GIVEN INFORMATION:
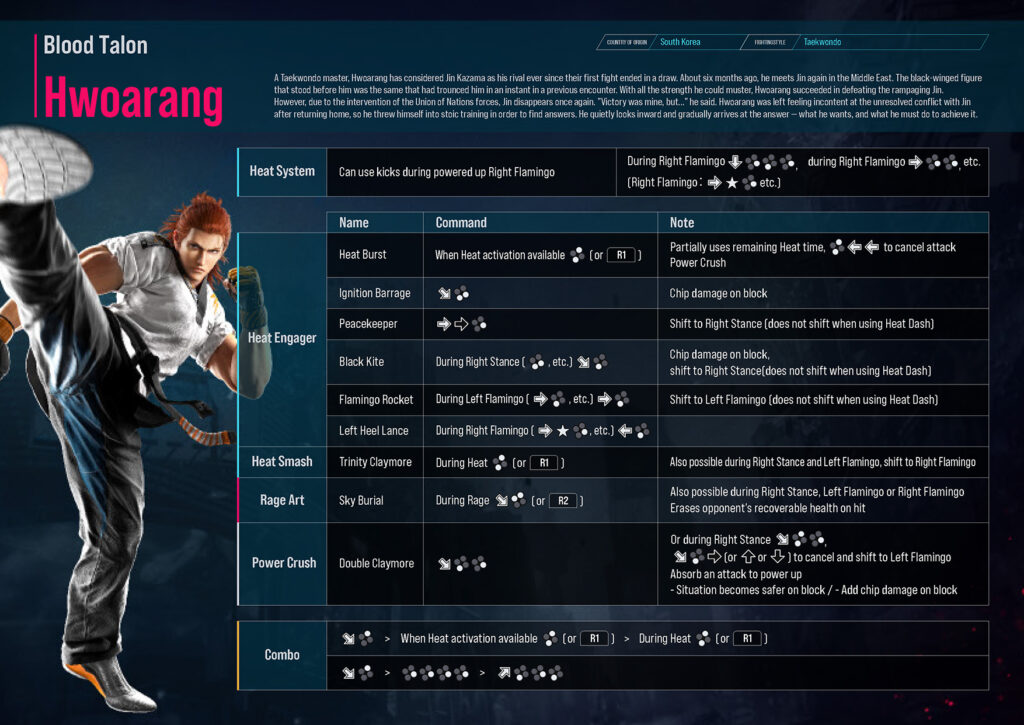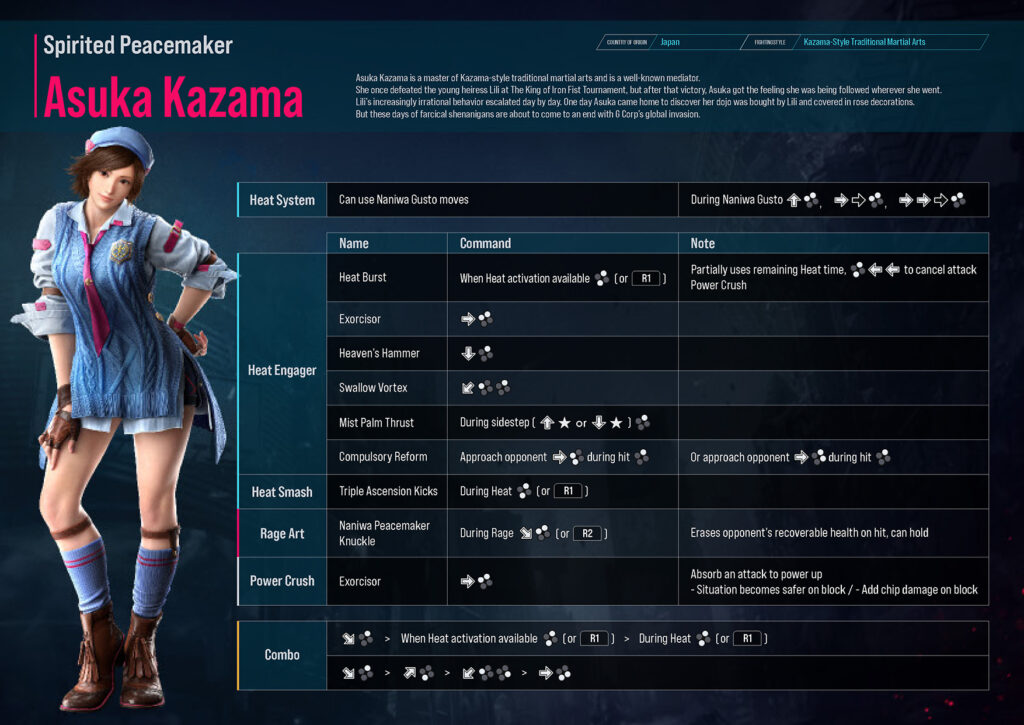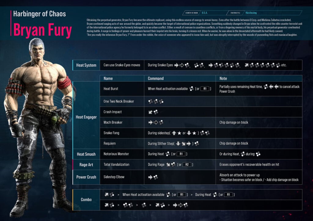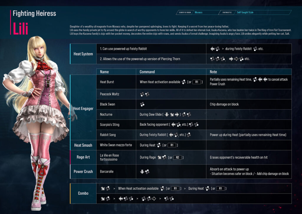 Here are more moves and combos. The ones below include the sets for Claudio, Serafino, Bryan Fury, Hwoarang, Lili, Leroy Smith, Asuka Kazama, Nina Williams, and Jack-8.
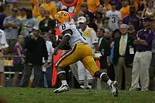 Holliday was a top-ranked American sprinter competing for the LSU Tigers track and field team and is regarded as one of the fastest players in football.[2] He demonstrated his sprinting ability in the 100-meter dash at the 2007 USA Outdoor Track and Field Championships, where he recorded 10.07 seconds in the final – ahead of Walter Dix and second only to Tyson Gay.[5] This qualified him for the 2007 World Championships in Athletics but he opted to not compete, preferring to begin the football season with the LSU Tigers.[6] He continued to race, however, and reached the semi-finals in the 100 m at the 2008 United States Olympic Trials the following year.[7]
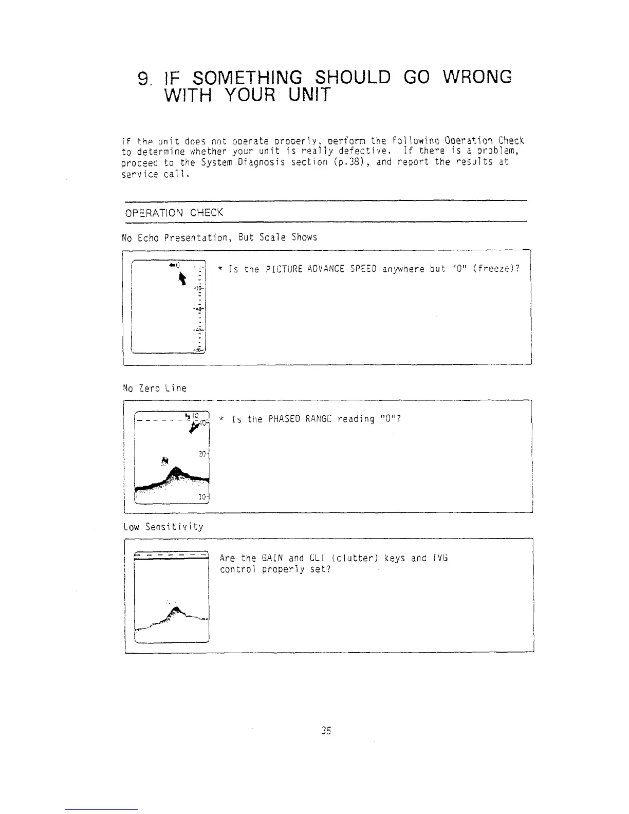 Furuno FCV-552 - 9. TROUBLESHOOTING; OPERATION CHECK
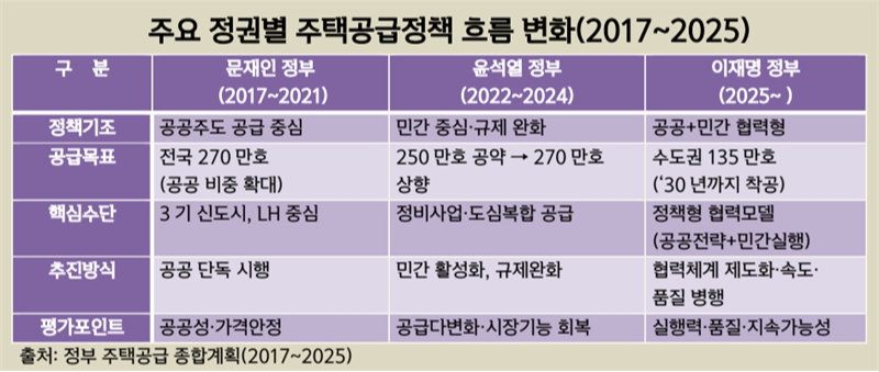 주요 정권별주택공급정책 흐름 변화(그래픽=하우징포스트 디자인팀)

PROBLEM DETAILS: Give back the whole listing as it stands, minus its pictures.

SOLUTION TO THIS PROBLEM:
 Here are more moves and combos. The ones below include the sets for Claudio, Serafino, Bryan Fury, Hwoarang, Lili, Leroy Smith, Asuka Kazama, Nina Williams, and Jack-8.
 Holliday was a top-ranked American sprinter competing for the LSU Tigers track and field team and is regarded as one of the fastest players in football.[2] He demonstrated his sprinting ability in the 100-meter dash at the 2007 USA Outdoor Track and Field Championships, where he recorded 10.07 seconds in the final – ahead of Walter Dix and second only to Tyson Gay.[5] This qualified him for the 2007 World Championships in Athletics but he opted to not compete, preferring to begin the football season with the LSU Tigers.[6] He continued to race, however, and reached the semi-finals in the 100 m at the 2008 United States Olympic Trials the following year.[7]
 Furuno FCV-552 - 9. TROUBLESHOOTING; OPERATION CHECK
 주요 정권별주택공급정책 흐름 변화(그래픽=하우징포스트 디자인팀)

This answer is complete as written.